An expert forecaster will state that the probability of rolling a five or less on a fair die is five in six. A charlatan will see that such an event happens more than half the time and proclaim that it will happen with a higher degree of confidence, and when it does happen far more often than not, will herald his expertise to the world, denigrating those wishy-washy fence sitting forecasters that give a low probability of occurrence for an event that is obviously likely to happen. When a six is rolled, the charlatan will claim that nobody could have foreseen such an event, and point to his expert counterpart that also got it wrong in 'falsely' claiming that such an event would not happen - the expert did provide 83% certainty that it wouldn't happen, after all. Of course, when rolling a die, an event that can be repeated again and again and the results tabulated, the charlatan will be derobed. 

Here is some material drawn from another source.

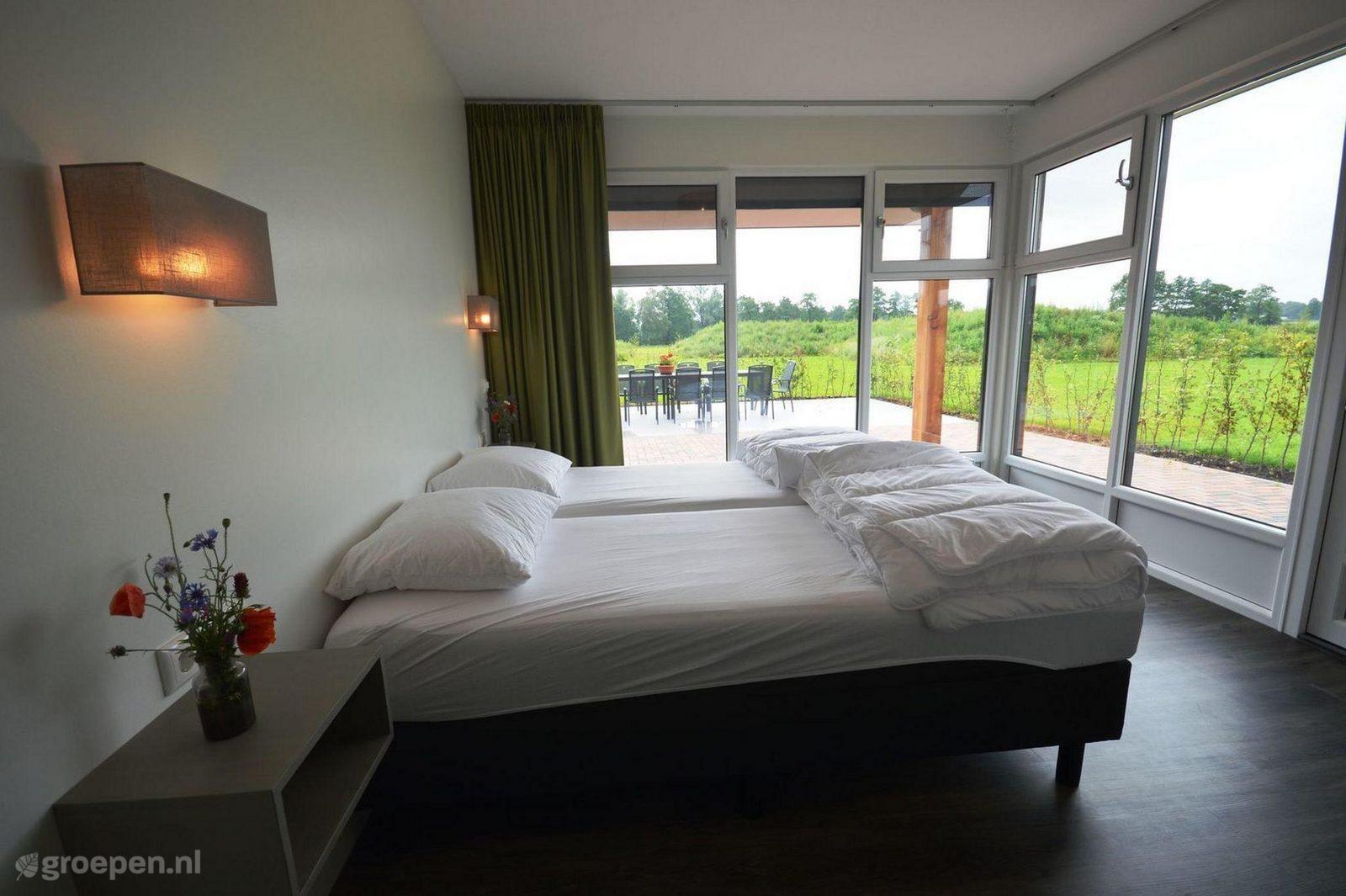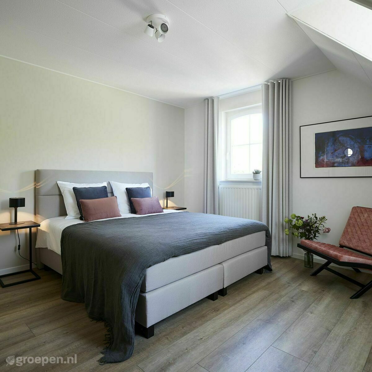 Mag luxe tijdens uw vakantie wel eens op de eerste plaats komen staan? Laat u dan, tussen de heuvels, overvallen door al het moois dat deze groepsaccommodatie in Gelderland te bieden heeft. Vanuit hier heeft u uitzicht op het noordelijke hellinggebied en de beroemde Zevenheuvelenweg. Uzelf liever even volledig terugtrekken? Het groepshuis beschikt over hoogstaande wellnessfaciliteiten. Kom heerlijk vertoeven in de relax ruimte, voorzien van sauna, bubbelbad, infrarood cabine en douchecabine. Gaat u liever voor dé ultieme filmbeleving? Dan voelt u zich in de aanwezige bioscoop, voorzien van echte bioscoopstoelen en uitstekende beelds- en geluidskwaliteit zonder twijfel de koning te rijk. Maak uw vakantie in de natuur compleet in deze luxe groepsaccommodatie met wellness.

## Measures to Evaluate Probabilistic Performance

To take a small detour, let's consider how we show that the expert in this scenario is right, and the charlatan misguided. To evaluate probabistic forecasting performance, the average difference between a degree of certitude provided for an event's occurrence, and whether or not it occurred (if it occurred, then the event scores 1, if it doesn't, it scores 0) is computed over many repeat trials, and the forecaster with a lower difference is proclaimed a better forecaster (in this instance at least). 

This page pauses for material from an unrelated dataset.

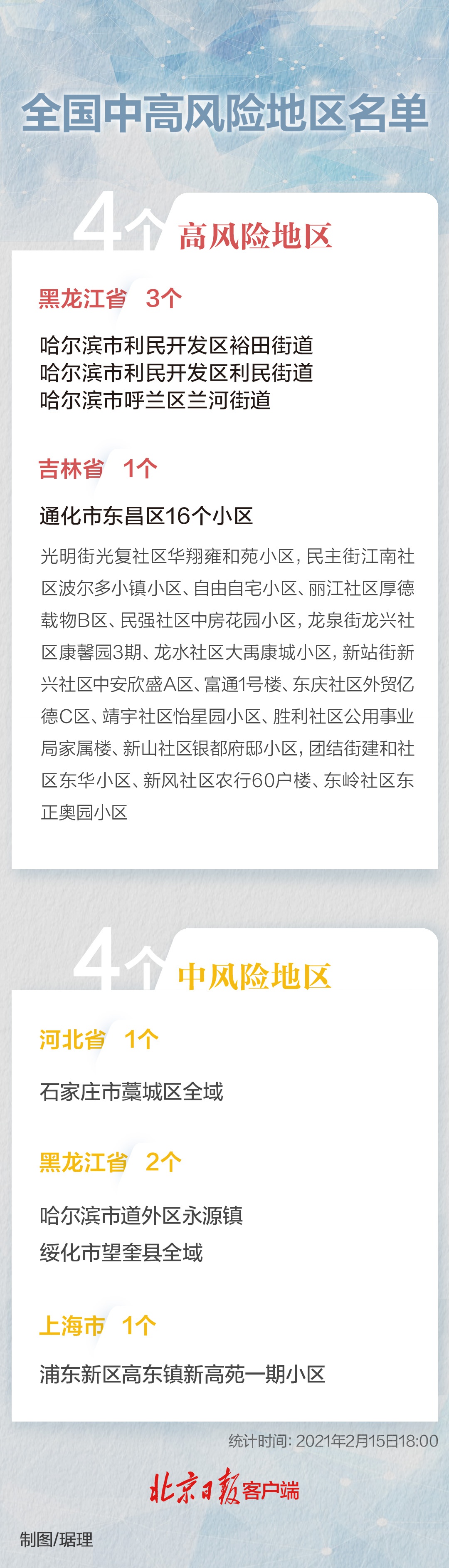 截至2月15日18:00,全国还有4个高风险地区和4个中风险地区。

To score the expert and the charlatan in the dice rolling exercise, let's consider two widely used scoring rules - the simple average error, which simply takes the difference in probability between whether the event occurred and the forecasted probability; and the Brier Score, which takes the squared difference. 

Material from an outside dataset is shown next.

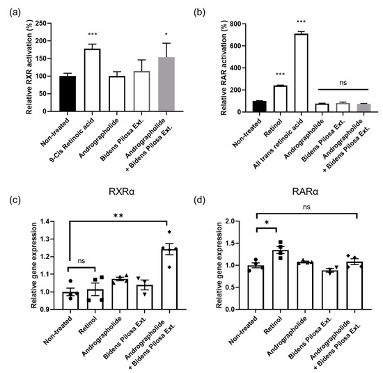Effects of andrographolide and Bidens pilosa extract (BPE) on receptor activity and gene expression. (a) RXR alpha was activated by co-treatment of andrographolide and BPE. 9-cis retinoic acid was used as positive control (n = 6 per group). (b) RAR gamma was activated by retinol and all-trans retinoic acid. Andrographolide and BPE did not affect RAR gamma activity (n = 6 per group). (c) Expression of RXRA gene was enhanced by andrographolide and BPE (n = 3–6). (d) Expression of RARA gene was not affected by andrographolide and BPE (n = 3–4). Error bars represent standard error of the mean. ns: not significant, * p < 0.05, ** p < 0.01, *** p < 0.001; one-way ANOVA analysis and Kruskal–Wallis test for nonparametric statistics.
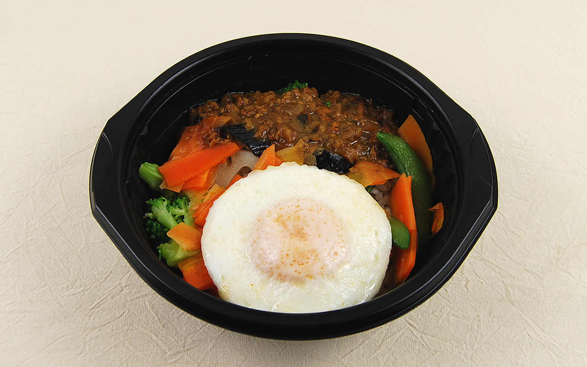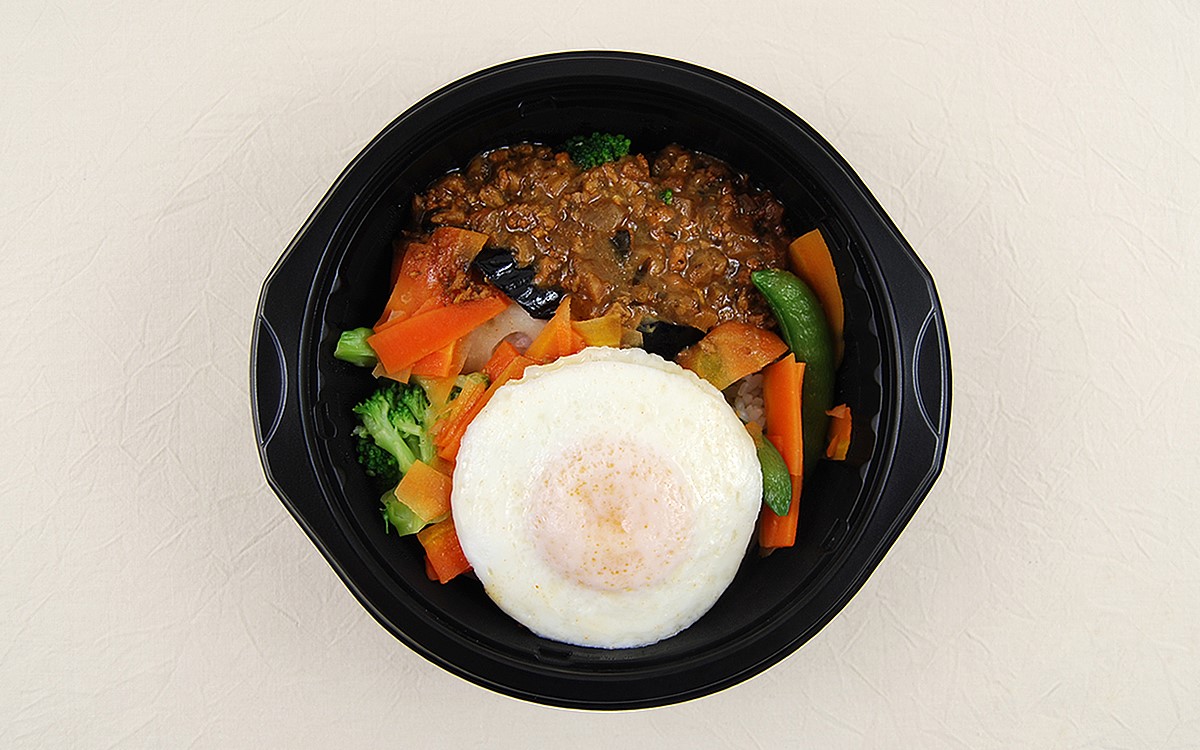 厚生労働省の「健康日本21」によると、1日あたりの野菜摂取量の目標は350g以上。同商品ではその3分の1以上である120gを摂ることができます。なす・にんじん・ブロッコリー・れんこん・スナップえんどうなどの野菜がトッピングされているほか、ご飯には食物繊維が豊富なもち麦を配合しているのもうれしいポイント。

That is, the simple average forecast error for an event that has two outcomes, occurs or does not occur is given by:

$$
SAFE_i = (E_i - f) 
$$

and the Brier Score is given, in its traditional form by:

$$
Brier_i = (E_i - f)^2 + ((1-E_i) - (1-f))^2
$$

for each of a number of trials $i = 1, 2, ..., n$, where $E-i$ is 1 if the event occurred and 0 if it did not occur in trial i, and $f$ is the probability of E occurring given by the forecaster.

We let the charlatan's forecasting strategy be to double the confidence in an event occurring by halving his estimate of the unlikely outcome occurring. That is, if an event will occur with probability 0.2, the charlatan says it will occur with probability 0.1, and if it will occur with probability 0.8, the charlatan will see that it won't occur with probability 0.2, claim this will occur will probability 0.1, and hence forecast that the event will occur with probability 1 - 0.1 = 0.9. In the die roll example, the expert forecast is that a 5 or less will be rolled on average five in six times, and provide a probabilistic forecast of occurrence of 0.8333, and the charlatan will provide a probabilistic forecast of $1 - \frac {1 - 0.8333}{2} = 0.9167$.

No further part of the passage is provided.